◆ What is required
Only the lines in the entries below from the line with "Dieses gemütliches Ferienhaus" to the line with "日頃、ガスをひねれば火がつき", both included, belong in the answer, transcribed exactly and without pictures.

Extracted records:
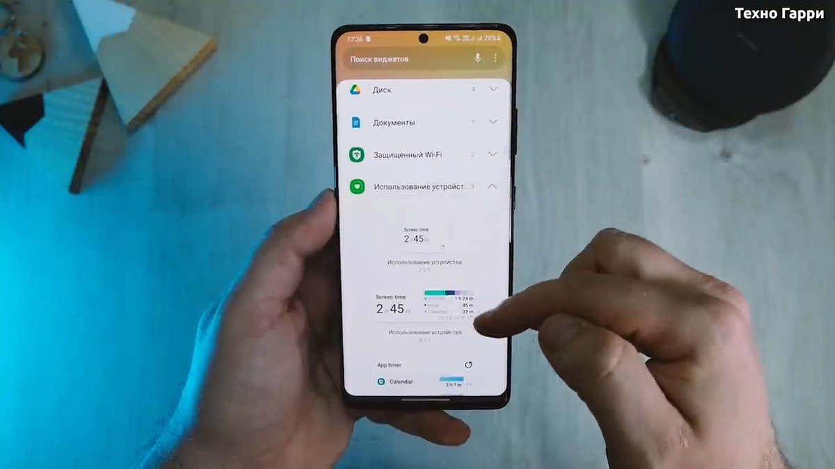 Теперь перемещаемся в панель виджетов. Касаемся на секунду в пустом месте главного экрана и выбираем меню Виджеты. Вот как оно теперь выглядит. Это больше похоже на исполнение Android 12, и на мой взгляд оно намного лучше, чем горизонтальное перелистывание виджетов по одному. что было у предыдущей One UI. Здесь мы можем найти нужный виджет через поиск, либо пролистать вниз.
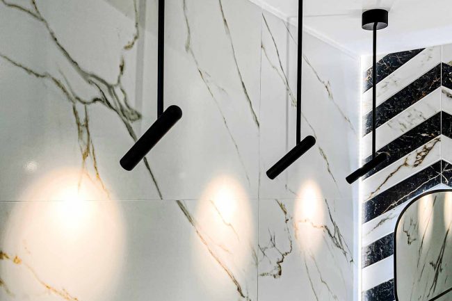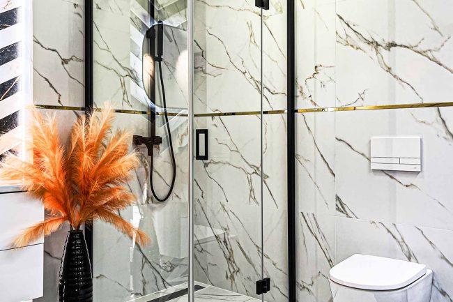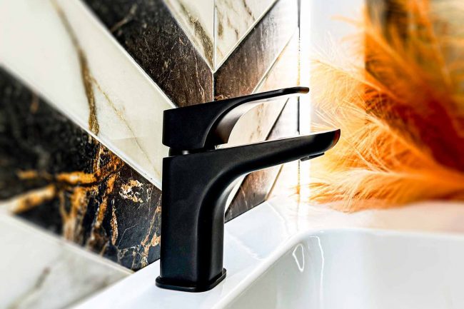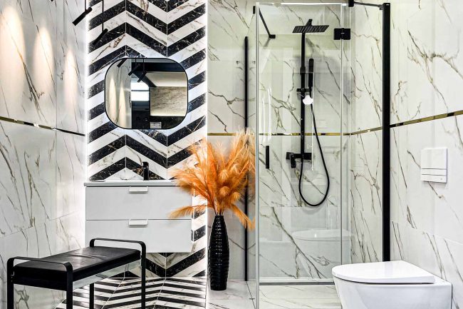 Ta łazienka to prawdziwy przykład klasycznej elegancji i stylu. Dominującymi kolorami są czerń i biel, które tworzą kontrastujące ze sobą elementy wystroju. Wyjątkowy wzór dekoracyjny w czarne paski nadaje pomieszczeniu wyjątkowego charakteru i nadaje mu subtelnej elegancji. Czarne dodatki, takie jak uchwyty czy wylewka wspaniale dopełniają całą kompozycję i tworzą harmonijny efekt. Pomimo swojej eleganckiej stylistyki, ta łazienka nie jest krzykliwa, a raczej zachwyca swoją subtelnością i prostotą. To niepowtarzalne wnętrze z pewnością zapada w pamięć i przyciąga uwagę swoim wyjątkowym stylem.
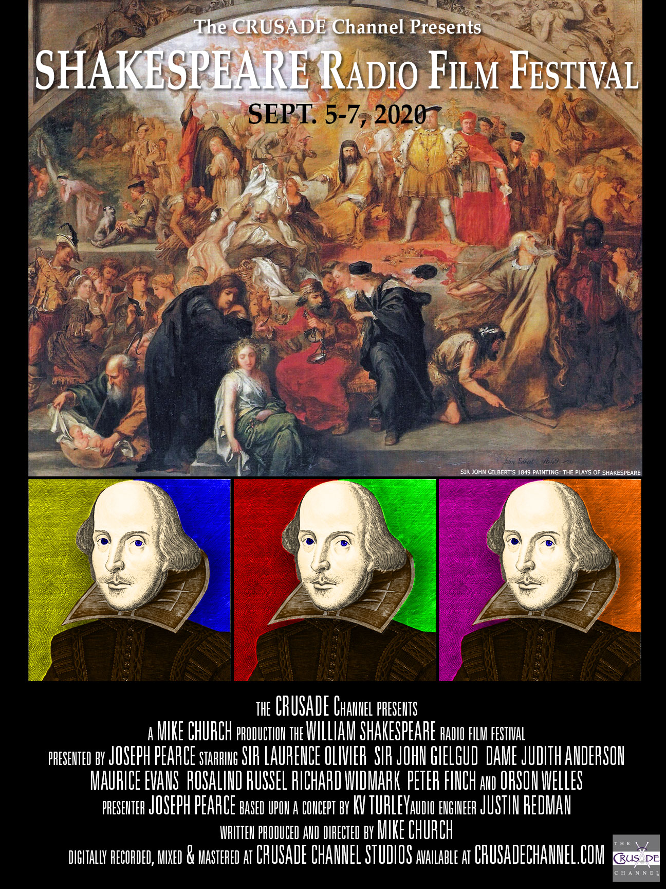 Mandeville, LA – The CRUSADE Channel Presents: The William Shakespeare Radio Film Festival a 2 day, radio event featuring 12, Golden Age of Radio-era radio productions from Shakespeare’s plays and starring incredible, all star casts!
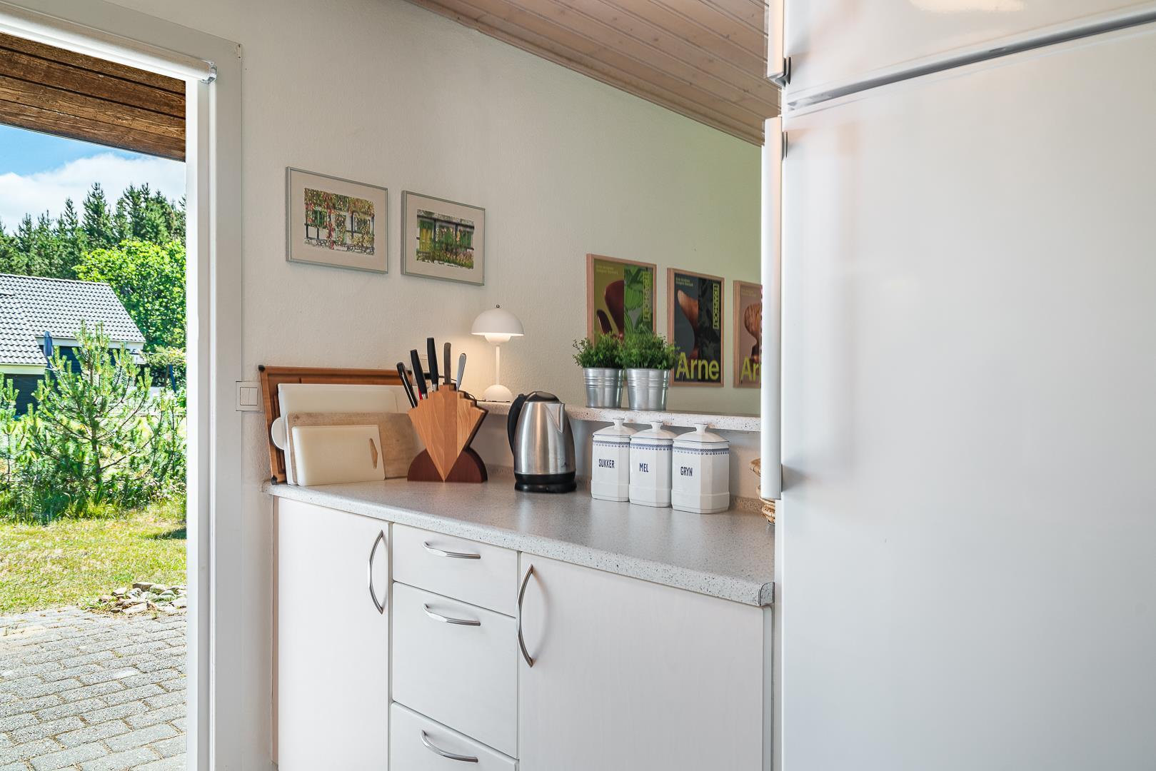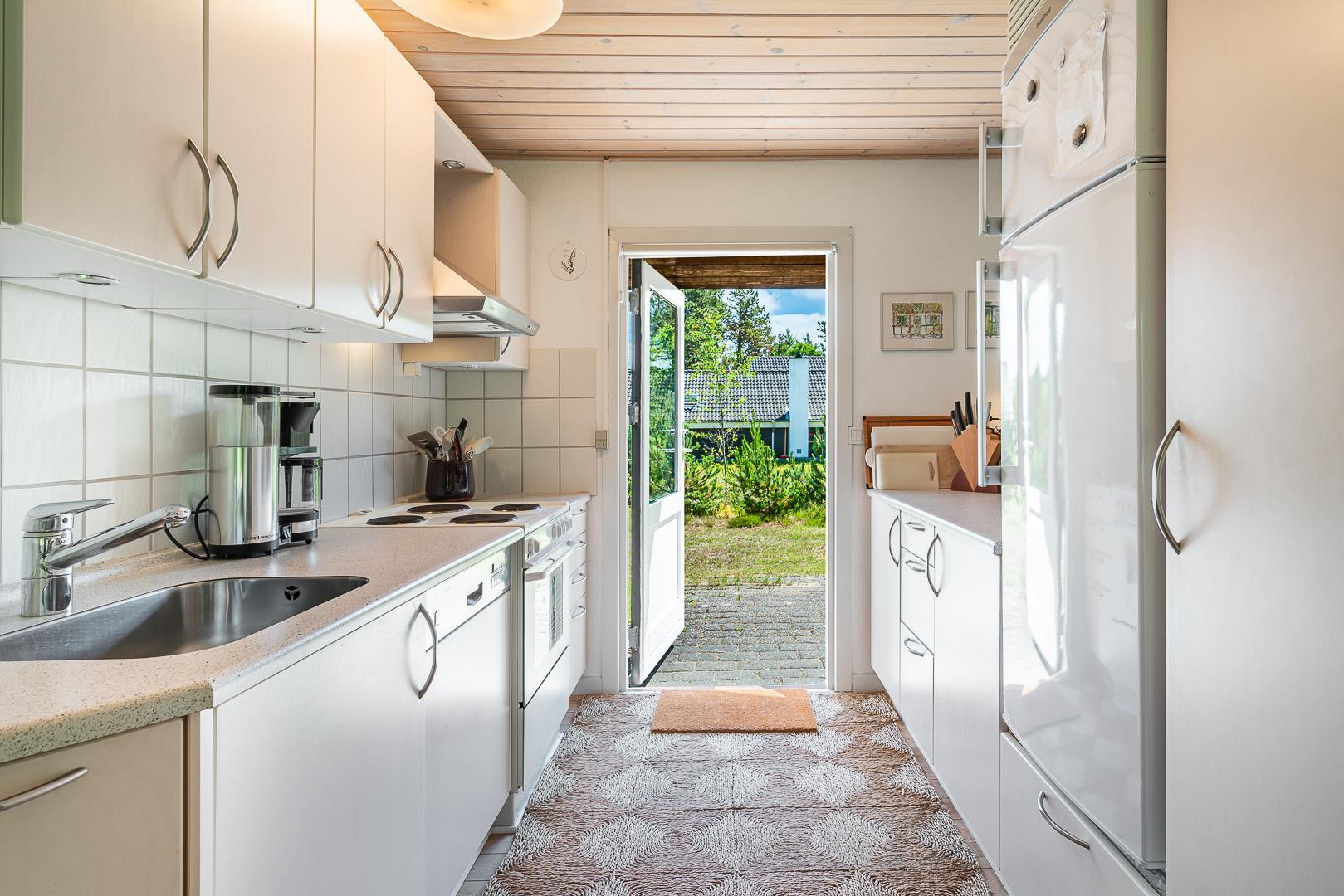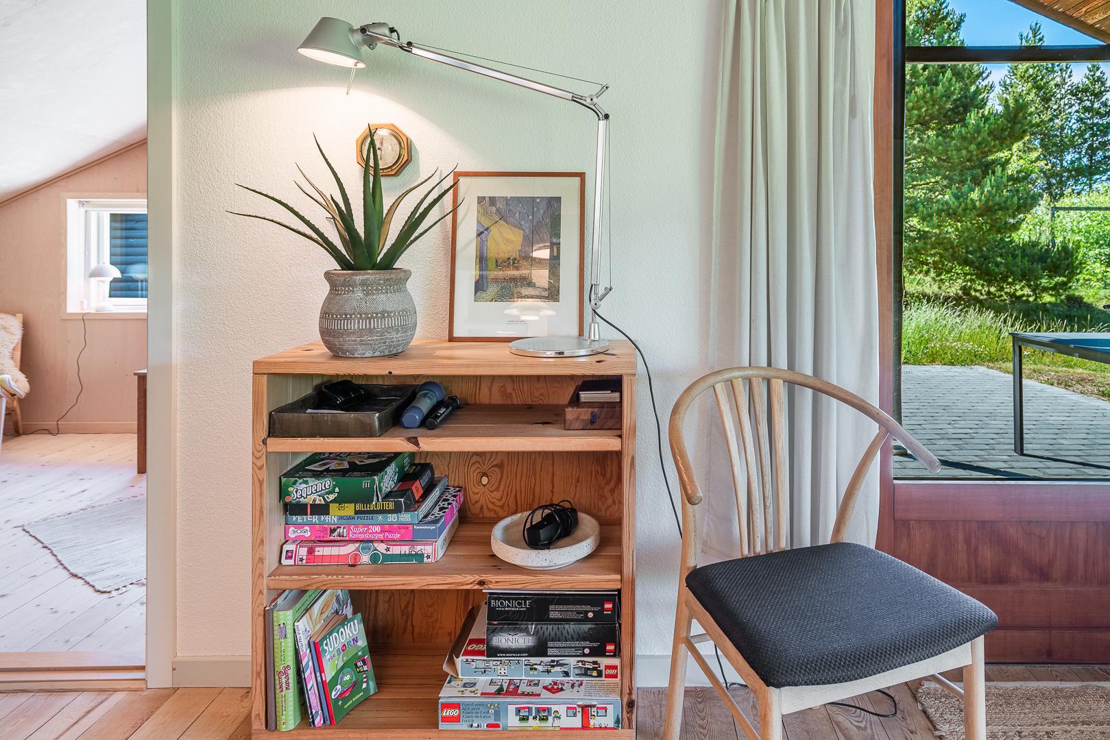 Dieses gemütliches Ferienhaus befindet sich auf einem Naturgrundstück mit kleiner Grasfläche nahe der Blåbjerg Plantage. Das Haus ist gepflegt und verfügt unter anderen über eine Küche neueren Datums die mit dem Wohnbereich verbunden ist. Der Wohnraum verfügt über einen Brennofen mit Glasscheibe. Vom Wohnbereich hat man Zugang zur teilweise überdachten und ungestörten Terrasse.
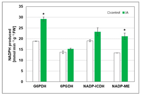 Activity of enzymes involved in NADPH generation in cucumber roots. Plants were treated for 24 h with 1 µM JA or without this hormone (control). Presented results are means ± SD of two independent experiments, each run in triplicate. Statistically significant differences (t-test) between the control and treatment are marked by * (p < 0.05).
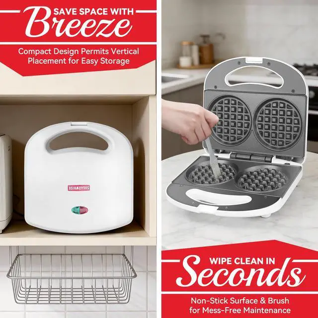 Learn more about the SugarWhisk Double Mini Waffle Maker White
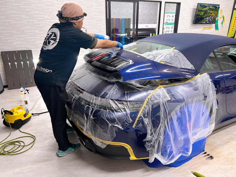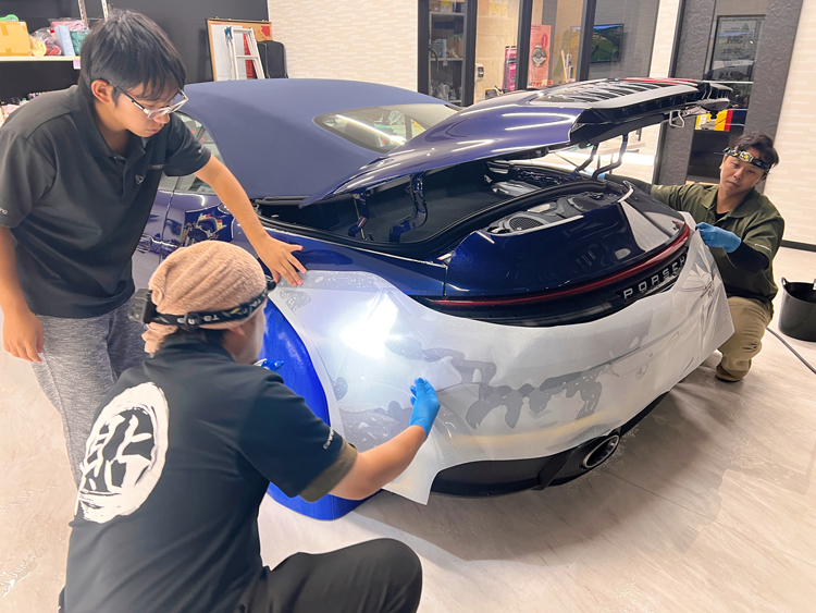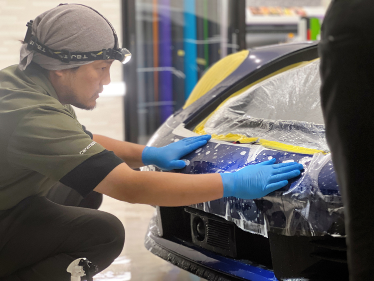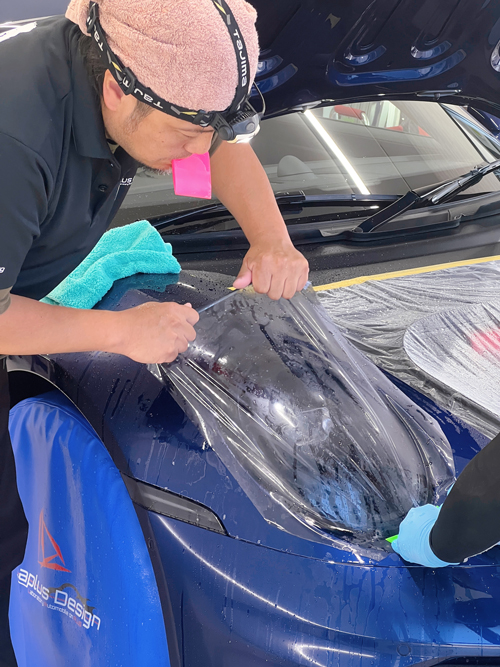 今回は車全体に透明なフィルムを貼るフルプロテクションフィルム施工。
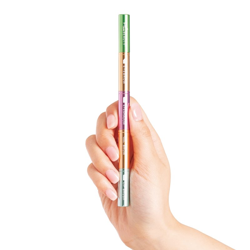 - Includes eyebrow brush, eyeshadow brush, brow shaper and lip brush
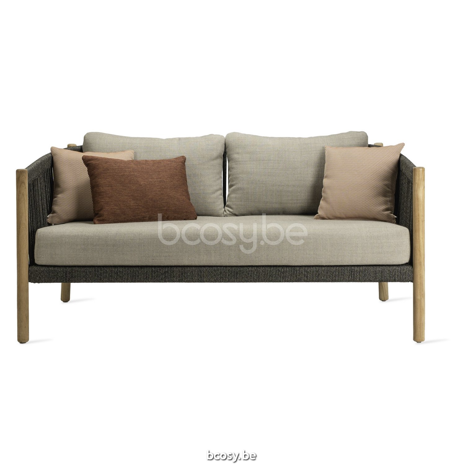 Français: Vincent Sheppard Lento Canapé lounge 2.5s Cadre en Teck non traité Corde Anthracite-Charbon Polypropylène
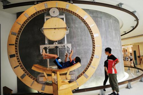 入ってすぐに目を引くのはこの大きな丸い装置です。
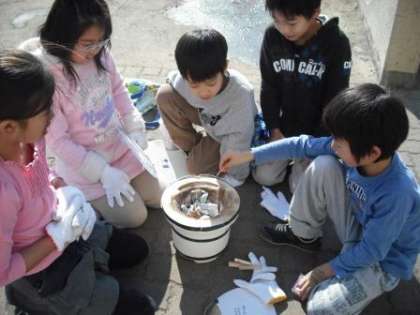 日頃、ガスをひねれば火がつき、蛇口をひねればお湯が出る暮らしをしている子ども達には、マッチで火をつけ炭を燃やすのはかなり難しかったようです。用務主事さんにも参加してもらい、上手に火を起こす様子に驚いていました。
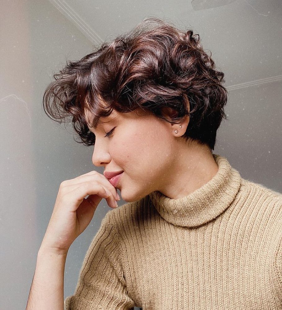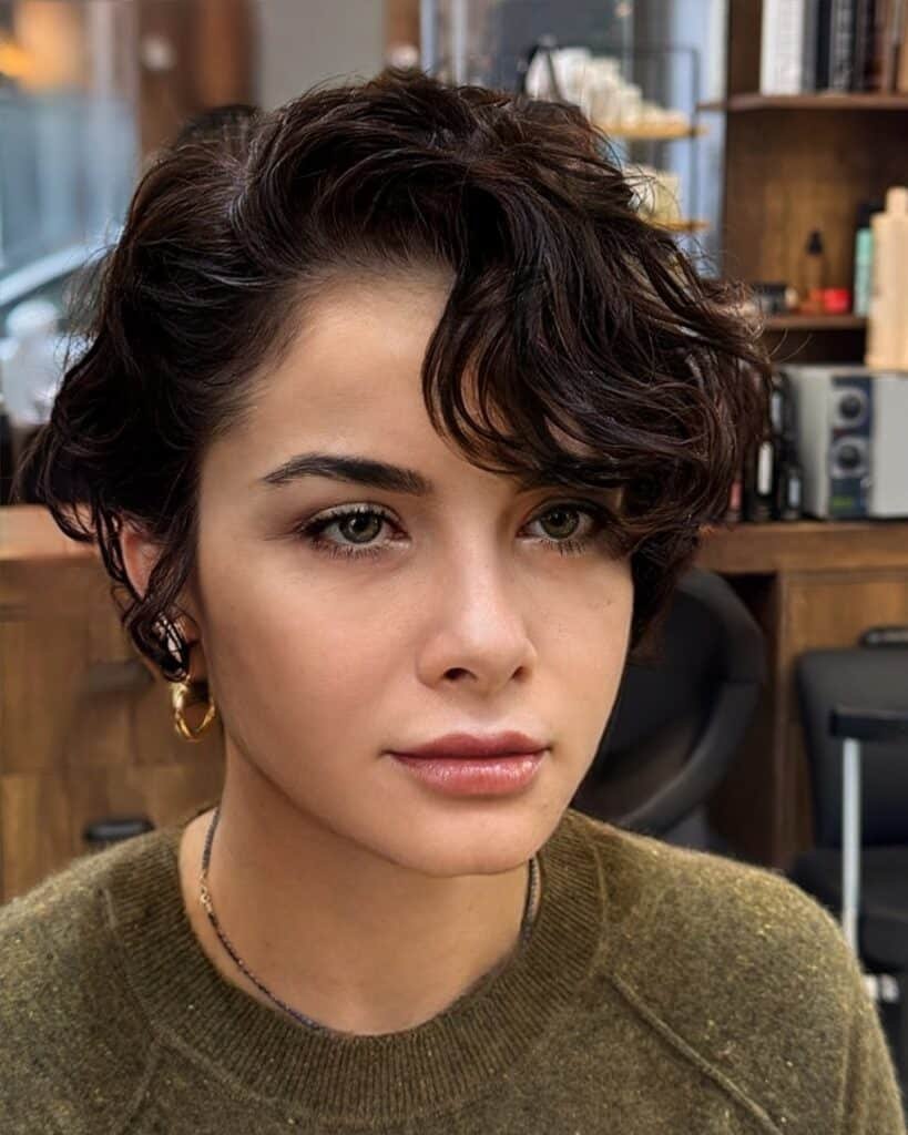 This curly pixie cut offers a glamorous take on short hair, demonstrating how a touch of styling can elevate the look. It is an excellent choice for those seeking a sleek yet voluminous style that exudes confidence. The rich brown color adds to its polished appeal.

◆ Written reply
 Dieses gemütliches Ferienhaus befindet sich auf einem Naturgrundstück mit kleiner Grasfläche nahe der Blåbjerg Plantage. Das Haus ist gepflegt und verfügt unter anderen über eine Küche neueren Datums die mit dem Wohnbereich verbunden ist. Der Wohnraum verfügt über einen Brennofen mit Glasscheibe. Vom Wohnbereich hat man Zugang zur teilweise überdachten und ungestörten Terrasse.
 Activity of enzymes involved in NADPH generation in cucumber roots. Plants were treated for 24 h with 1 µM JA or without this hormone (control). Presented results are means ± SD of two independent experiments, each run in triplicate. Statistically significant differences (t-test) between the control and treatment are marked by * (p < 0.05).
 Learn more about the SugarWhisk Double Mini Waffle Maker White
 今回は車全体に透明なフィルムを貼るフルプロテクションフィルム施工。
 - Includes eyebrow brush, eyeshadow brush, brow shaper and lip brush
 Français: Vincent Sheppard Lento Canapé lounge 2.5s Cadre en Teck non traité Corde Anthracite-Charbon Polypropylène
 入ってすぐに目を引くのはこの大きな丸い装置です。
 日頃、ガスをひねれば火がつき、蛇口をひねればお湯が出る暮らしをしている子ども達には、マッチで火をつけ炭を燃やすのはかなり難しかったようです。用務主事さんにも参加してもらい、上手に火を起こす様子に驚いていました。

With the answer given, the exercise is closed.